Joël Omari Tshibamba (born 22 September 1988) is a Dutch-Congolese professional footballer who plays as a forward for Dutch club Achilles '29.

Club career

NEC 
Tshibamba played for NEC's youth team before making his senior debut for the club in a 2007–08 Eredivisie playoff-match against FC Groningen. For the 2009–10 season, he was sent on loan at the affiliate club FC Oss.
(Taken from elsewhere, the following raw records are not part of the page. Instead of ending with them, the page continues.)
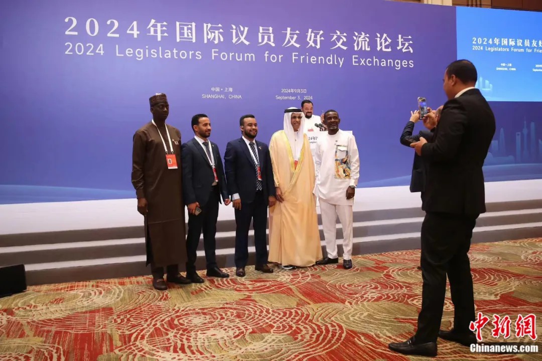 9月3日,尼日利亚联邦众议院尼中关系委员会主席贾法鲁·雅库布(左一)在2024年国际议员友好交流论坛开幕式后合影留念。中新社记者 张亨伟 摄
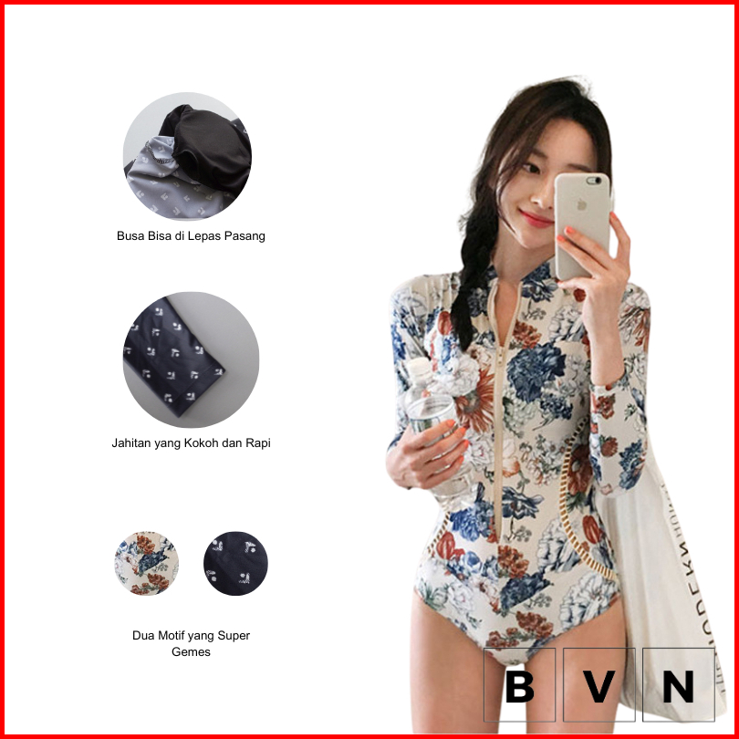 Bvn Baju Renang Wanita Rashguard Lengan Panjang Untuk Surfing 8028
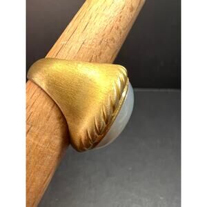 Glow By Sheila Fajl Signed 18k yellow brushed gold plate with a blue agate / chalcedony stone. Size 7. Made in Thailand.
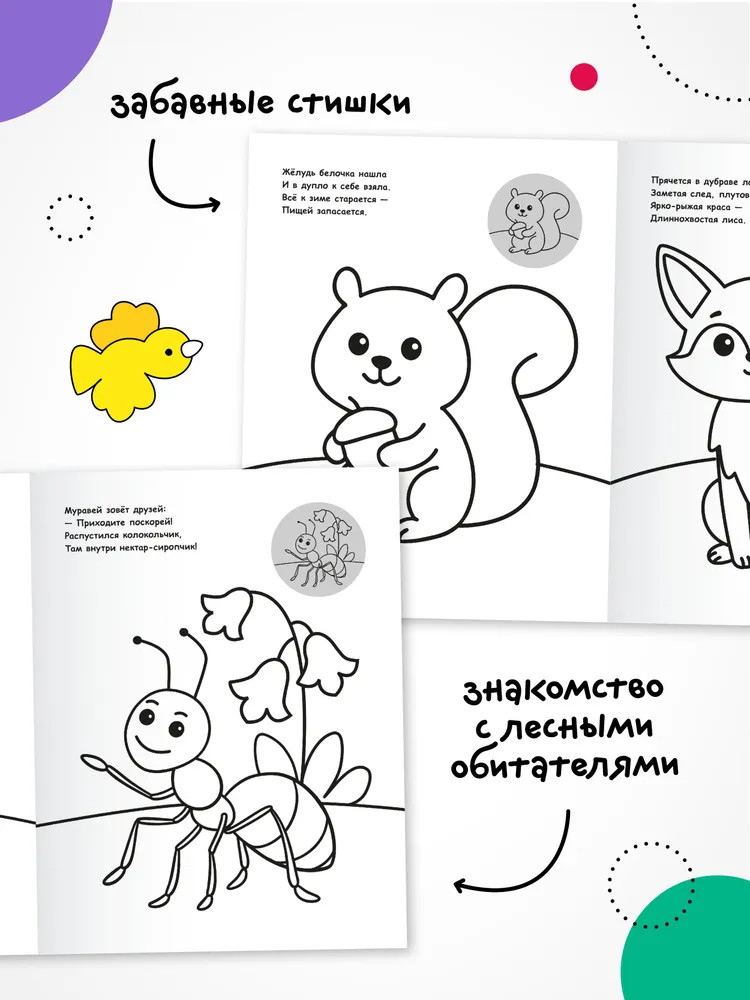 Серия: Раскраска для малышей с наклейками Книга «В лесу» из серии «Раскраска для малышей с наклейками» отлично подойдет для знакомства малыша с окружающим миром, развития мелкой моторики и творческого мышления. Яркие круглые наклейки помогут определиться с выбором цвета, крупные картинки с толстым контуром легко раскрашивать, а забавные стишки помогают запоминать разные объекты. Развивайтесь играючи! |

On 1 December 2009, Tshibamba was sent back to NEC, after it had come clear that he had been struggling with disciplinary problems.

Arka Gdynia 
On 5 January 2010, Tshibamba was given a free transfer by NEC, and about a month later he signed with Arka Gdynia of the Polish Ekstraklasa.
Tshibamba started his Polish adventure well by scoring two times in the first four matches. He helped Arka to win that season against both Cracovia and Wisła Kraków.

Lech Poznań 
On 17 July 2010, Tshibamba signed a contract with the current Polish champions, Lech Poznań. He made his debut for Lech Poznań in the club's 1–0 away loss at Sparta Prague in the 2010–11 UEFA Champions League third qualifying round. In October 2010, he scored his first goal for the club in a 3–1 away loss to Manchester City in the 2010–11 UEFA Europa League.

AEL 
On 16 January 2011, he scored his first goal with the Greek side, in a 2–1 home victory against Iraklis. On 15 June, after a good season with Larissa, he signed a 4-year contract. Although he had shown signs of disciplinary misconduct, the fans attributed that to him needing time to adapt to his new city. He scored his first goal in the 2011–12 campaign in an impressive away 3–0 win against Veria F.C. On 18 December 2011, Tshibamba scored a hat-trick against Anagennisi Epanomi in a 5–2 win. He scored two more goals against Anagennisi Giannitswn. On 23 February 2012, he was given on loan to Krylia Sovetov till the end of the season. In September 2012 Tshibamba returned to AEL 1964 FC. In December 2012, he took permission for absence over Christmas but refused to return. He later claimed that he took this decision due to financial issues about his contract.

Henan Jianye 
On 25 February 2013, Tshibamba was signed by China League One side Henan Jianye.

FC Vestsjælland 
On 13 August 2013 Tshibamba signed a two-year deal with the Danish Superliga side FC Vestsjælland.

AEL 
On 15 July 2015, Tshibamba returned and signed a two-year deal with the Greek Football League side AE Larissa FC. Despite that, he never made an official appearance with the club and solve his contract on 24 August 2015.

Botev Plovdiv 
After a short trial Tshibamba signed a contract with Botev Plovdiv on 11 September 2015. On 18 January 2016 Tshibamba was released from Botev Plovdiv after playing in seven games without scoring any goals.

Koper 
In June 2016 he signed for FC Koper in Slovenia. He received a red card in his first official match against Rudar Velenje on  30 July 2016 after just two minutes of playing, and his contract was terminated after the match.

Doğan Türk Birliği
After a short period at Dutch amateur club DVE-Trajanus, Tshibamba joined Cypriot club Doğan Türk Birliği on 23 January 2017.

Warriors FC 
Tshibamba signed for S.League side Warriors FC in March 2017, filling the club's final foreign signing slot. He signed for the club after the club scouted him using the online footballing database application, InStat, and invited him to Singapore. Tshibamba signed after being convinced that the club would be challenging for silverwares, something that Tshibamba has not been able to achieve with his past eleven clubs.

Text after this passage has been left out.